• [WHAT NEEDS TO BE DONE]: Start to finish, retype the entries exactly while omitting the pictures.

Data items
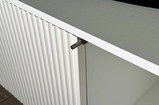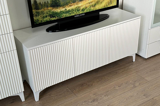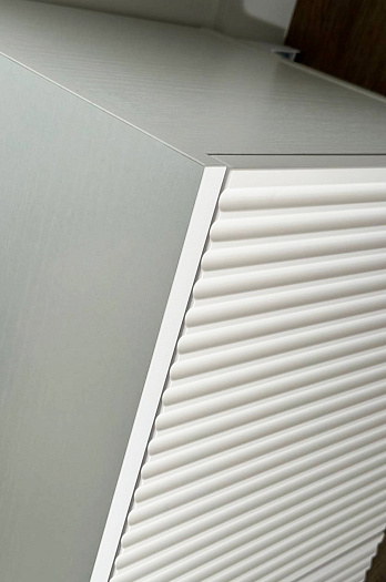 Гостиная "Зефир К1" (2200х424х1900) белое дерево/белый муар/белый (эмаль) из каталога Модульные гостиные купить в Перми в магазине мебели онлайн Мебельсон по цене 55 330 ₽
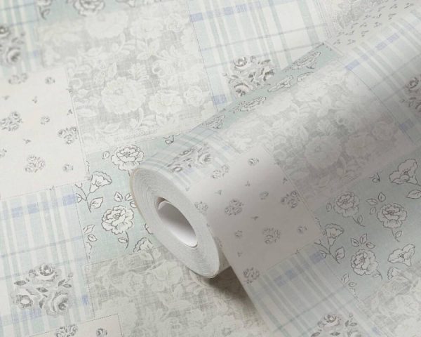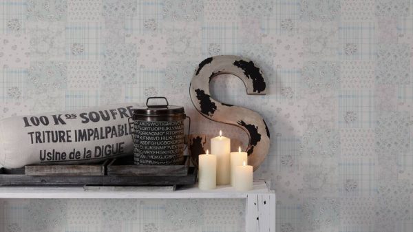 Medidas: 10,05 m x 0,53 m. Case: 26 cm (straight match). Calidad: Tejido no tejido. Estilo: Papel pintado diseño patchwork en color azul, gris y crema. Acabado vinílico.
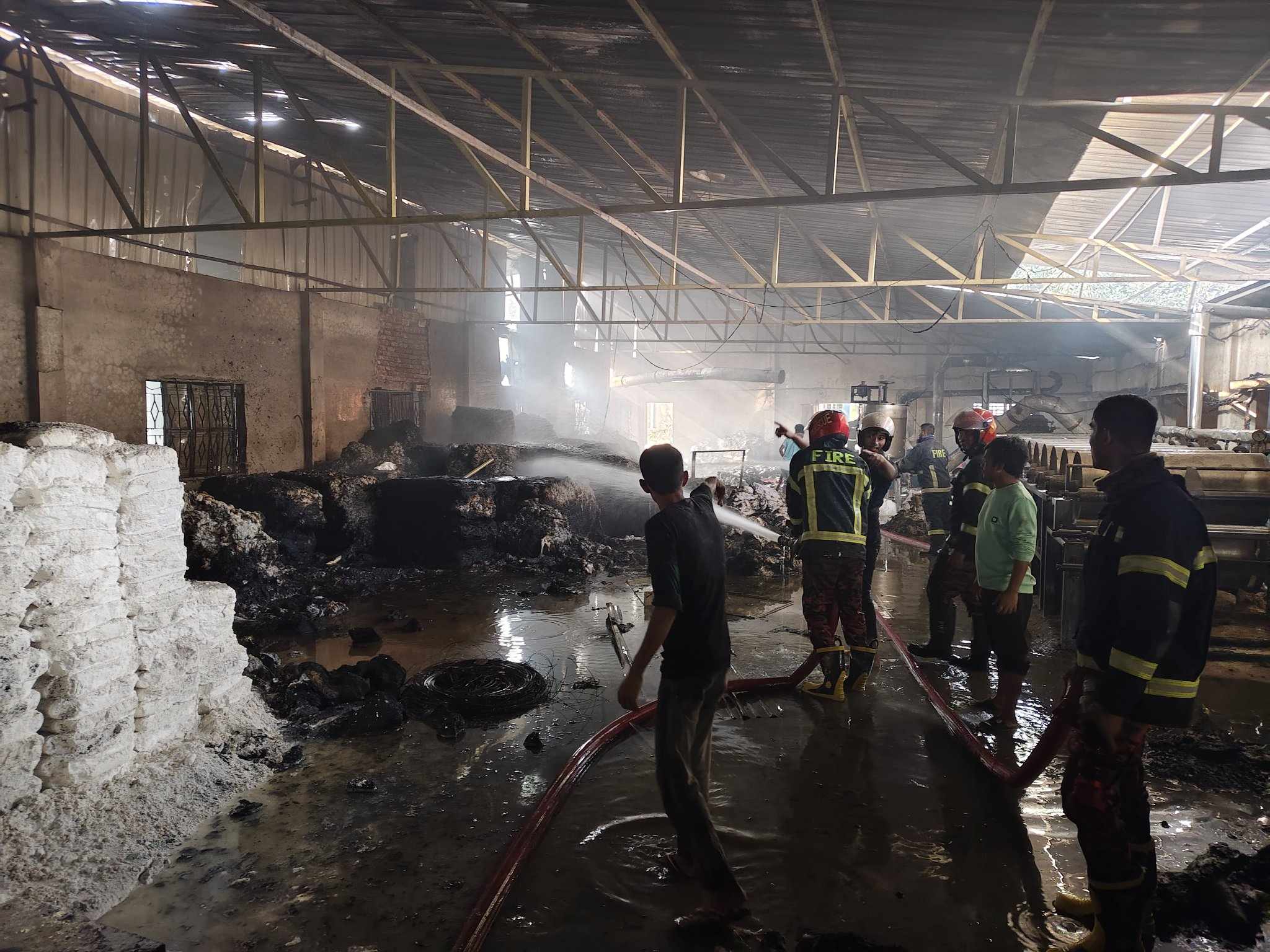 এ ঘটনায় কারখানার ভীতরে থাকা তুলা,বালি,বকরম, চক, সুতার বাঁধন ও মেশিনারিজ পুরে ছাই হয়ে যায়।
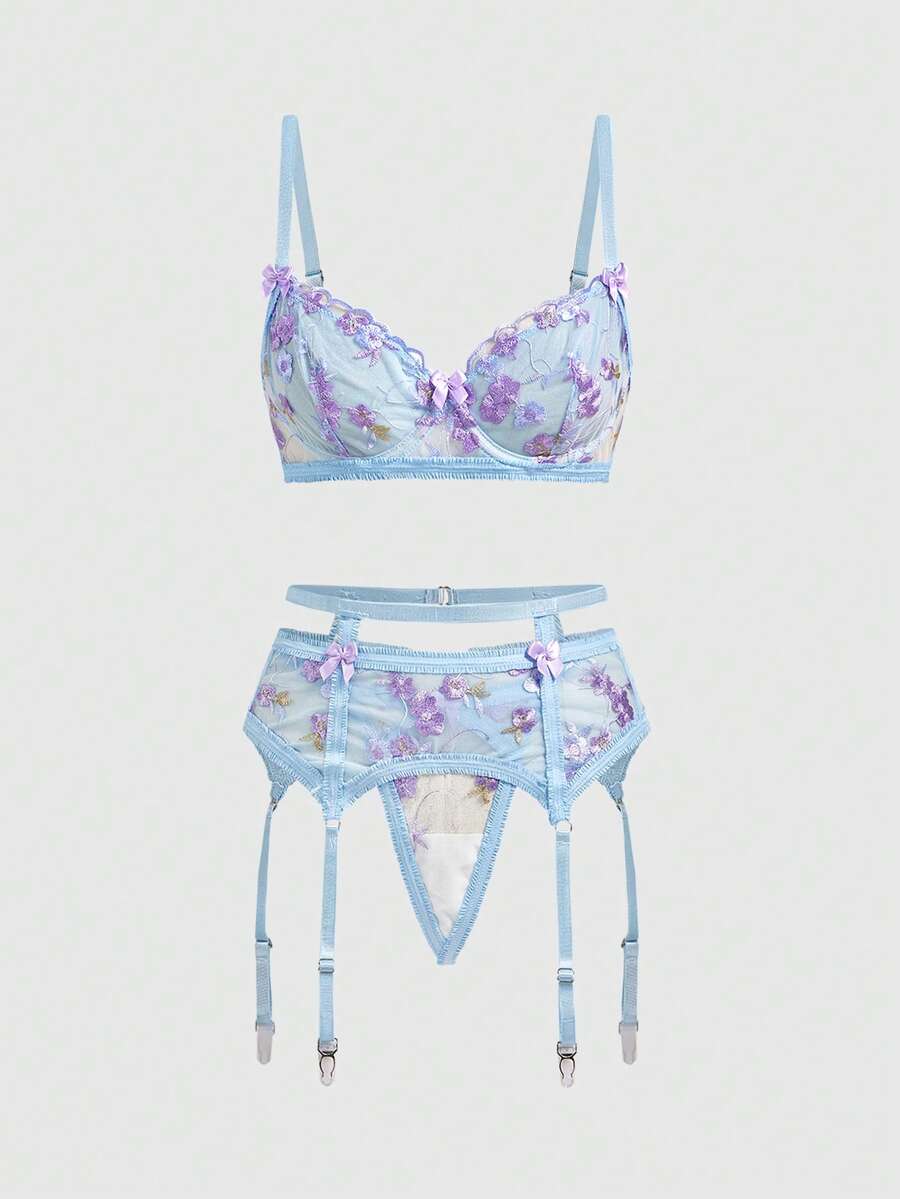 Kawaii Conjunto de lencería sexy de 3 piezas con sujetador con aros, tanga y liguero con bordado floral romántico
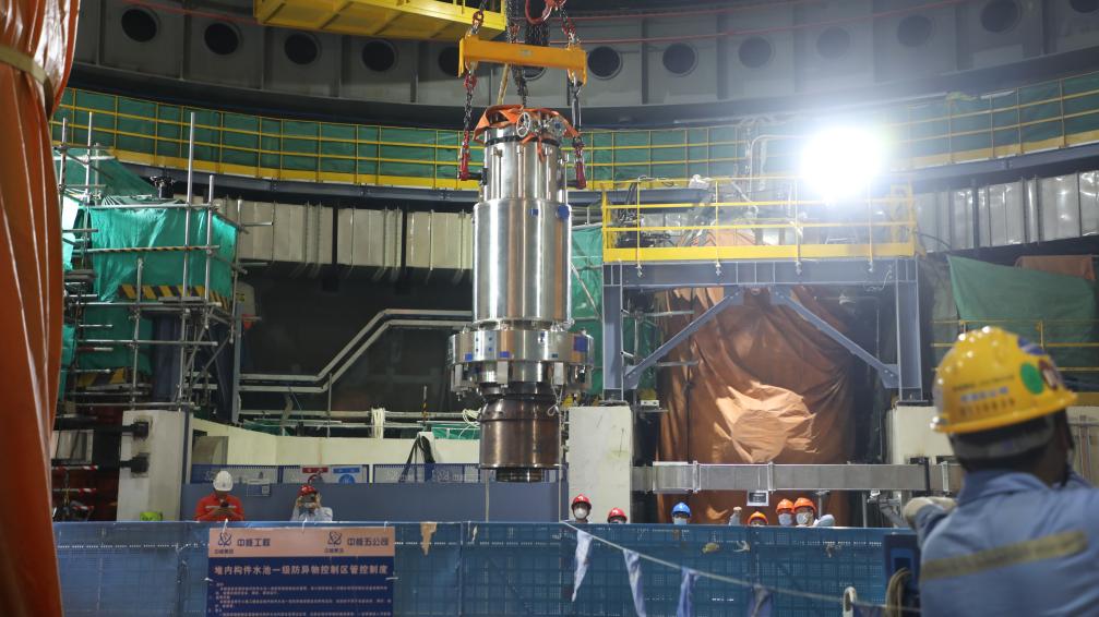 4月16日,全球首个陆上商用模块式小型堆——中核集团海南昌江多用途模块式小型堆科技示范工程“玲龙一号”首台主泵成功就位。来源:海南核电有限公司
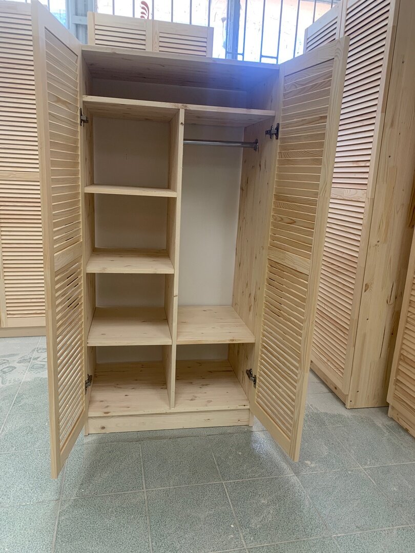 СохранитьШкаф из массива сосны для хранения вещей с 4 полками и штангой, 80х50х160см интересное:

• [RESPONSE BELOW]:
 Гостиная "Зефир К1" (2200х424х1900) белое дерево/белый муар/белый (эмаль) из каталога Модульные гостиные купить в Перми в магазине мебели онлайн Мебельсон по цене 55 330 ₽
 Medidas: 10,05 m x 0,53 m. Case: 26 cm (straight match). Calidad: Tejido no tejido. Estilo: Papel pintado diseño patchwork en color azul, gris y crema. Acabado vinílico.
 এ ঘটনায় কারখানার ভীতরে থাকা তুলা,বালি,বকরম, চক, সুতার বাঁধন ও মেশিনারিজ পুরে ছাই হয়ে যায়।
 Kawaii Conjunto de lencería sexy de 3 piezas con sujetador con aros, tanga y liguero con bordado floral romántico
 4月16日,全球首个陆上商用模块式小型堆——中核集团海南昌江多用途模块式小型堆科技示范工程“玲龙一号”首台主泵成功就位。来源:海南核电有限公司
 СохранитьШкаф из массива сосны для хранения вещей с 4 полками и штангой, 80х50х160см интересное:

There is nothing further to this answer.